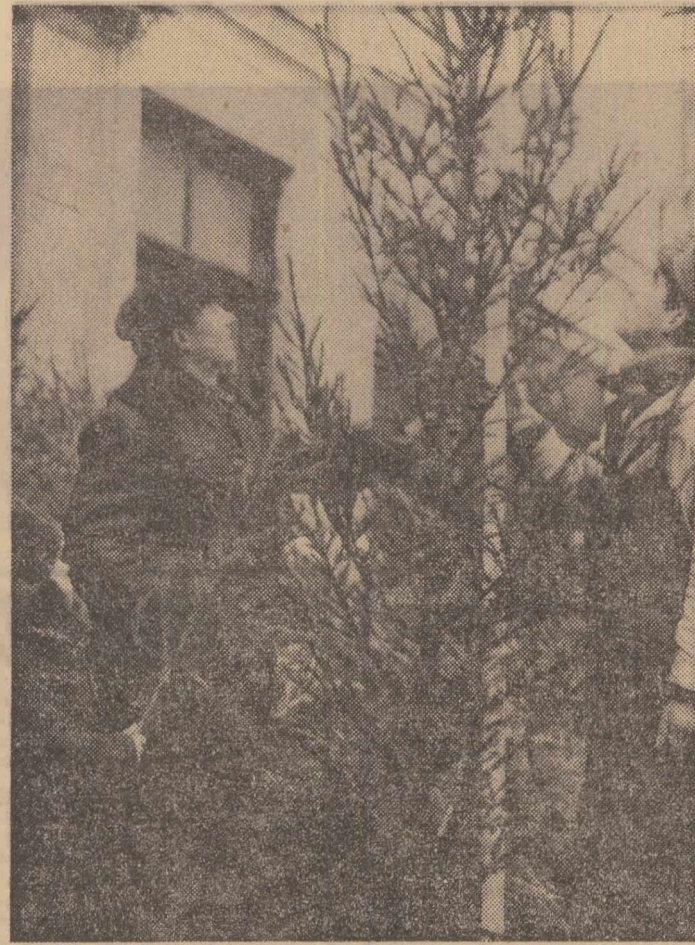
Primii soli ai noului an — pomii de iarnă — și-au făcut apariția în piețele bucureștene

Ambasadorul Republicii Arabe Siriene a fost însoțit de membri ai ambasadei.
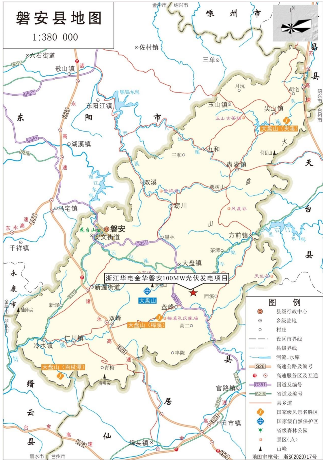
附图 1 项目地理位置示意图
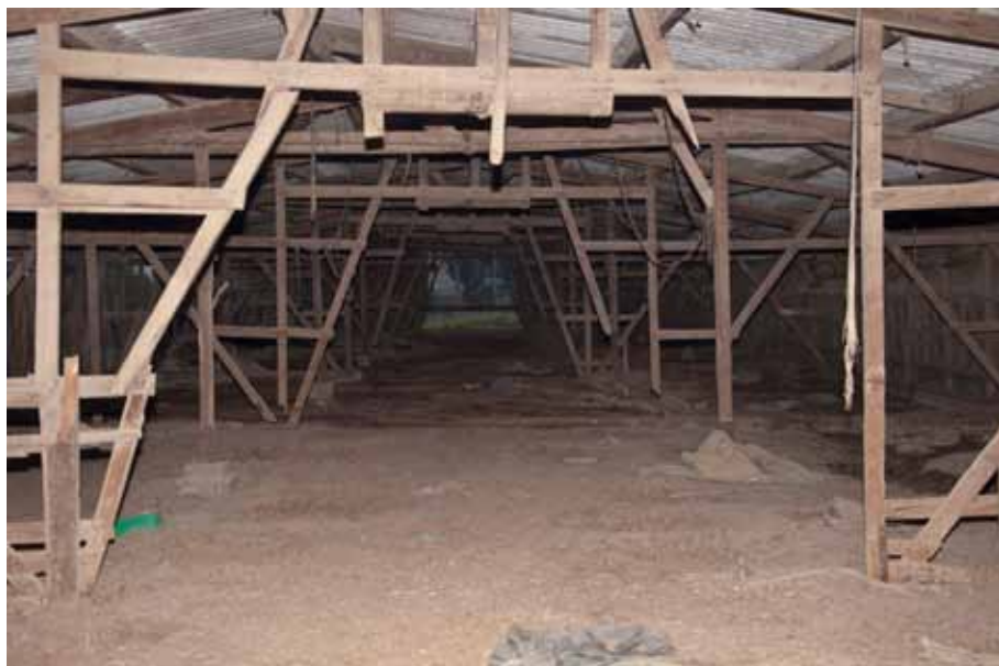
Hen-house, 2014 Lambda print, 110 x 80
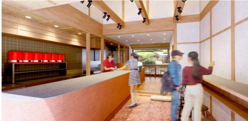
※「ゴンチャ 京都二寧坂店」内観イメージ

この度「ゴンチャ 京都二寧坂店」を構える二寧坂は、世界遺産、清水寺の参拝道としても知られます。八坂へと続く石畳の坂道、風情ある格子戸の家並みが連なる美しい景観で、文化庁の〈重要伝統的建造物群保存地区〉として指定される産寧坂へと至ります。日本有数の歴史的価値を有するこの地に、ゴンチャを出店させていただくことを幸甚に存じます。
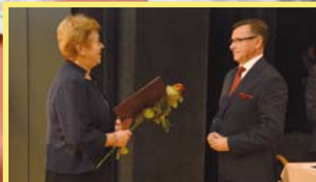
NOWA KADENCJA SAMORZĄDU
* * *
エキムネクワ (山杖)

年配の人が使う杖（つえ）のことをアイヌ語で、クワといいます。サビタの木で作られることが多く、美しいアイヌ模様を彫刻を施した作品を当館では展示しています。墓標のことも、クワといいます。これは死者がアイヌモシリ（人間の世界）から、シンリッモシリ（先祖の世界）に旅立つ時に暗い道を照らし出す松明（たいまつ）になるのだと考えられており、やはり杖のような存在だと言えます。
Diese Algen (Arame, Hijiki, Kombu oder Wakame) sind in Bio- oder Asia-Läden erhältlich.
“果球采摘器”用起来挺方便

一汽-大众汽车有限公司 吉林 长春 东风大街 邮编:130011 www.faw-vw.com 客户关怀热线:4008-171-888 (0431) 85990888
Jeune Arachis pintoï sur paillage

• PROBLEM TO WORK ON:
Scan the data for lines containing "京都二寧坂店" and copy all of them.

• RESULT:
※「ゴンチャ 京都二寧坂店」内観イメージ
この度「ゴンチャ 京都二寧坂店」を構える二寧坂は、世界遺産、清水寺の参拝道としても知られます。八坂へと続く石畳の坂道、風情ある格子戸の家並みが連なる美しい景観で、文化庁の〈重要伝統的建造物群保存地区〉として指定される産寧坂へと至ります。日本有数の歴史的価値を有するこの地に、ゴンチャを出店させていただくことを幸甚に存じます。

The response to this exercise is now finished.